How One SQL Line Becomes 4,000 Parallel Tasks
The complete guide to Spark’s execution engine - from SQL to parallel tasks, and how to find bottlenecks when things get slow.
You wrote one line of SQL. Spark turned it into 4,000 parallel tasks across 50 machines.
No distributed code. No MapReduce boilerplate. Just SQL.
The LinkedIn post walked through the core pipeline: SQL → logical plan → physical plan → DAG → jobs → stages → tasks. That’s the skeleton. Now let’s put muscle on it.
This premium deep-dive covers what actually happens at each step, how to read what Spark is doing, why certain queries are slow, and how to trace from “this is taking forever” to “that’s the exact bottleneck.”
By the end, you’ll be able to open a slow query’s execution details, find the problem stage in under a minute, and explain to an interviewer exactly how Spark executes distributed SQL.
Part 1: The Core Pipeline (Quick Recap)
𝗗𝗮𝘁𝗮 𝗘𝗻𝗴𝗶𝗻𝗲𝗲𝗿: “Quick refresher. When I click Run on a SQL query - what’s the sequence?”
𝗦𝗽𝗮𝗿𝗸: “Four phases, always in this order:
Parsing: Your SQL string becomes an unresolved logical plan - basically an abstract syntax tree of your intent.
Analysis: Catalyst resolves table names, column types, and function signatures against the catalog. If your column doesn’t exist, this is where it fails.

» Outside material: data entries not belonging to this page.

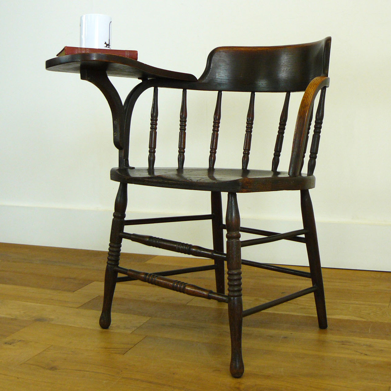 Unusual Late Victorian Oak Chair with Tablet Arm (1 of 1)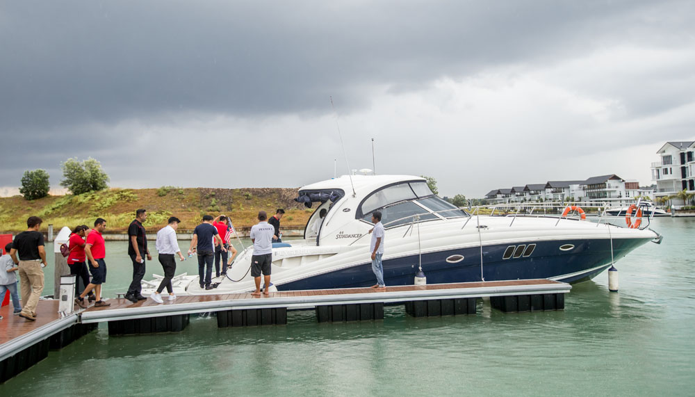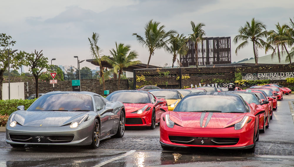 The roar of 18 Ferraris enlivened a typically idyllic Saturday afternoon at Emerald Bay, a marina-themed luxury residential development in Puteri Harbour, Johor. Members of the Ferrari Owners’ Club Malaysia were greeted by a magnificent vista of waterways and villas, as well as a 45-foot motor cruiser.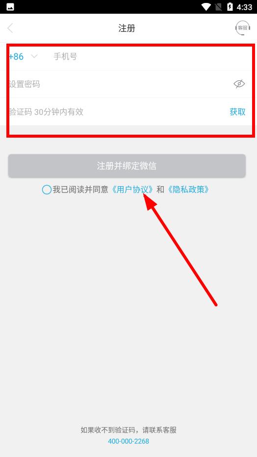 3、在注册页面,准确填写手机号和密码,点击获取验证码并填入收到的验证码,最后点击注册并绑定微信,即可完成石猫石材app的注册。
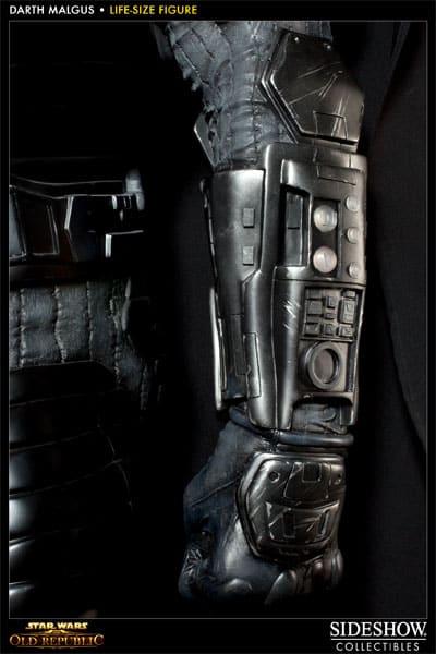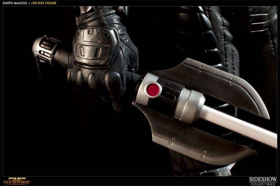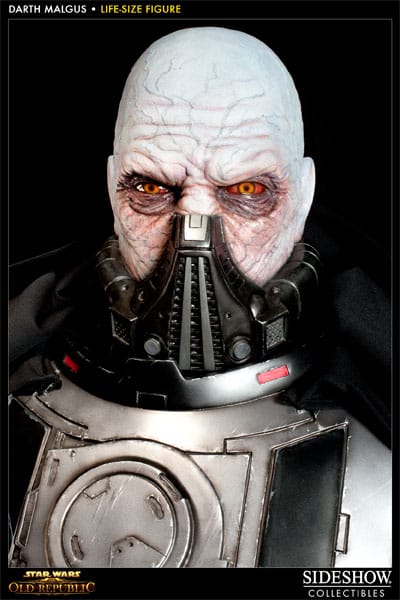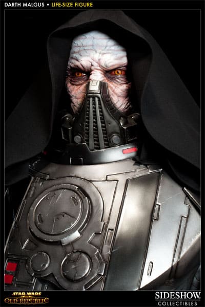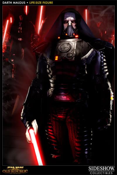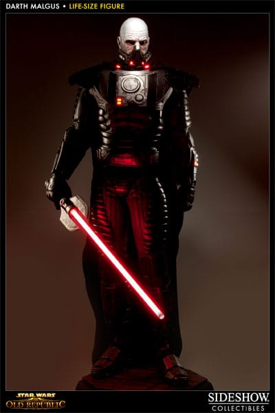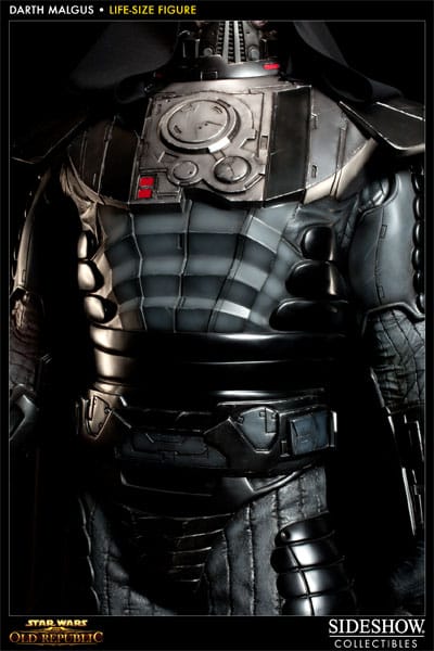 Sideshow Collectibles is proud to present the Darth Malgus Life Size figure. Capturing the vicious Sith Lord of The Old Republic in startlingly realistic 1:1 scale, the looming figure measures over 7 feet tall and more then 3 feet wide. Each piece is individually hand painted and finished to exacting standards, the trademark of a handcrafted Sideshow Collectibles product. Featuring an LED lit Lightsaber (TM), LED light up components in the chest, collar, and wrist gauntlets, highly detailed armor, and a real fabric hooded cape; the Darth Malgus Life Size figure makes a spectacular addition to any collection.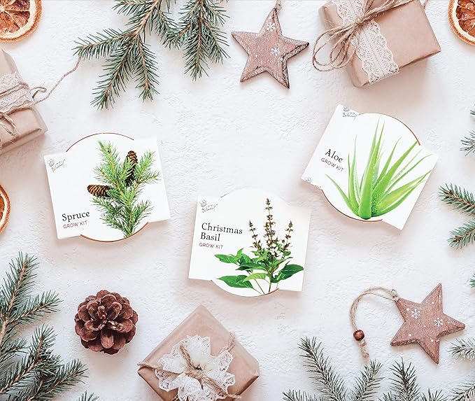 - A Trio with Meaning: Aloe brings healing and renewal, Christmas Basil is a symbol of good luck and blessings, and Spruce represents everlasting life and strength. A thoughtful mix that makes every planting feel special.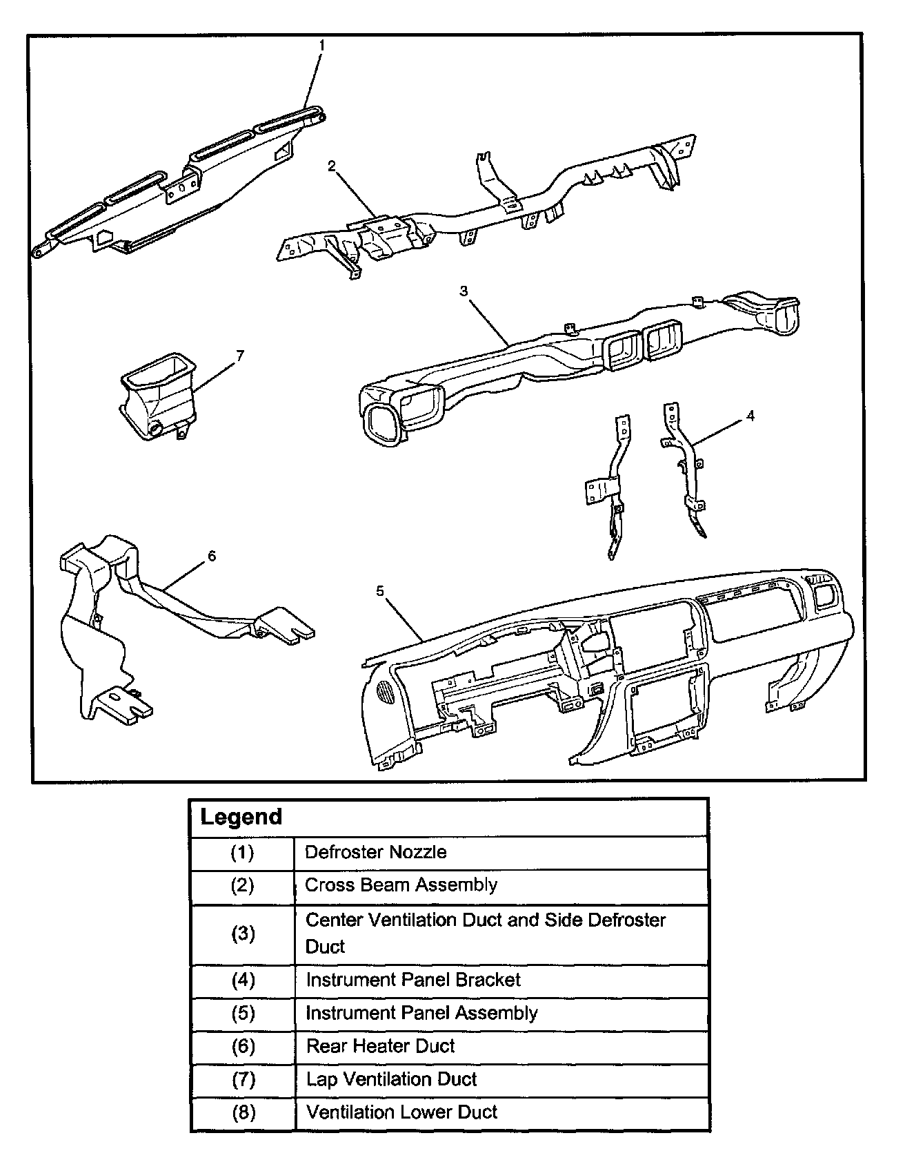 Rear Heater Duct, Defroster Nozzle and Ventilation DuctRear Heater Duct, Defroster Nozzle, Ventilation Duct And Associated Parts: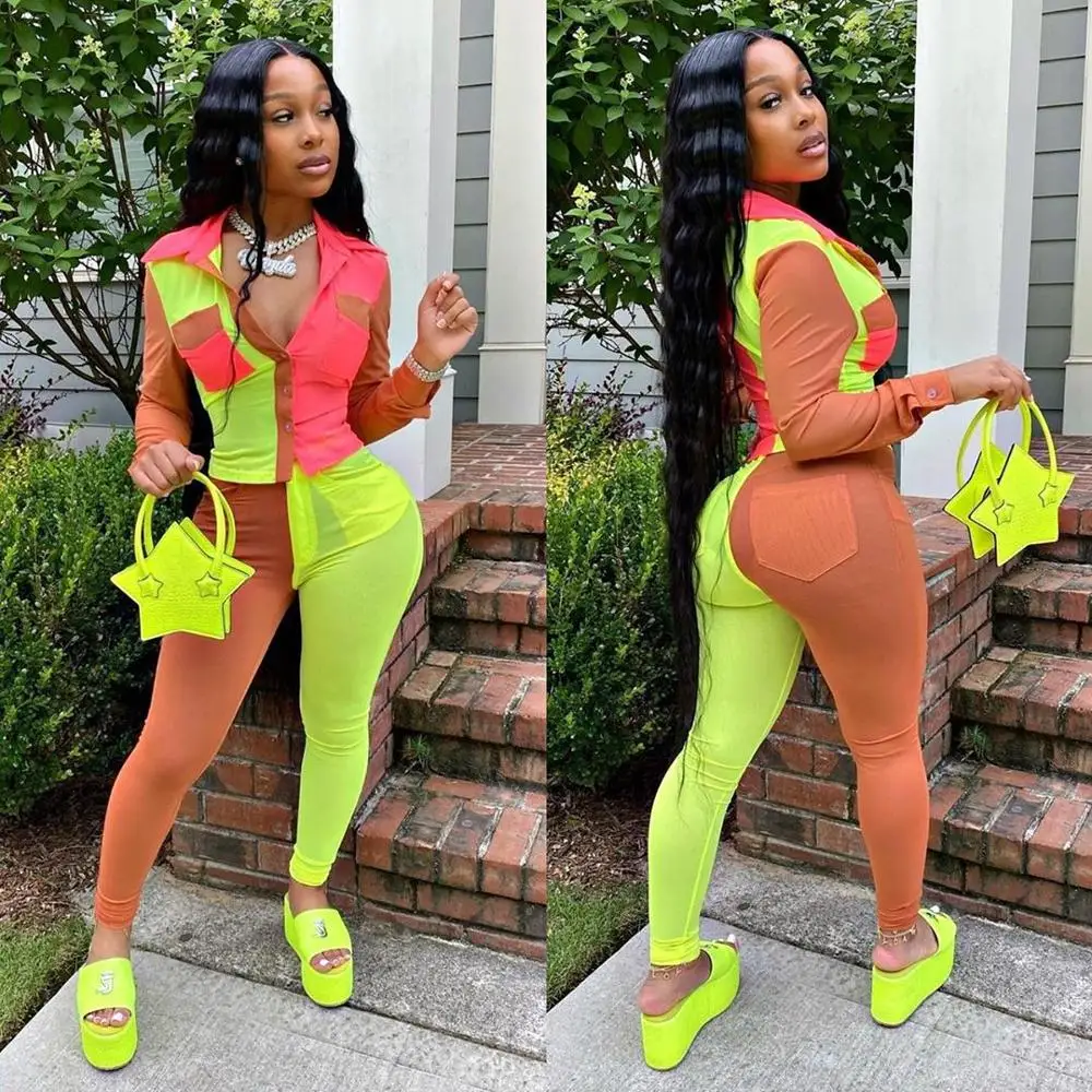 Женский спортивный костюм из двух предметов, повседневная цветная Лоскутная Блузка, топ и длинные спортивные штаны, спортивный костюм для фитнеса и улицы

Optimization: The logical plan gets rewritten. Predicate pushdown, constant folding, projection pruning, join reordering. Dozens of rules fire to make your plan more efficient without changing the result.
Physical Planning: The optimized logical plan becomes a physical plan - the actual execution strategy. This is where Spark decides: broadcast join or sort-merge join? How many partitions for the shuffle? Which columns to read from Parquet?”
𝗗𝗮𝘁𝗮 𝗘𝗻𝗴𝗶𝗻𝗲𝗲𝗿: “And the physical plan becomes the DAG?”
𝗦𝗽𝗮𝗿𝗸: “Exactly. The physical plan maps to a DAG - a directed acyclic graph of operations. Each action (write, collect, count) triggers a job. Each job splits into stages at shuffle boundaries. Each stage splits into tasks - one per partition.
That’s your 4,000 tasks: multiple jobs × multiple stages × partitions per stage.”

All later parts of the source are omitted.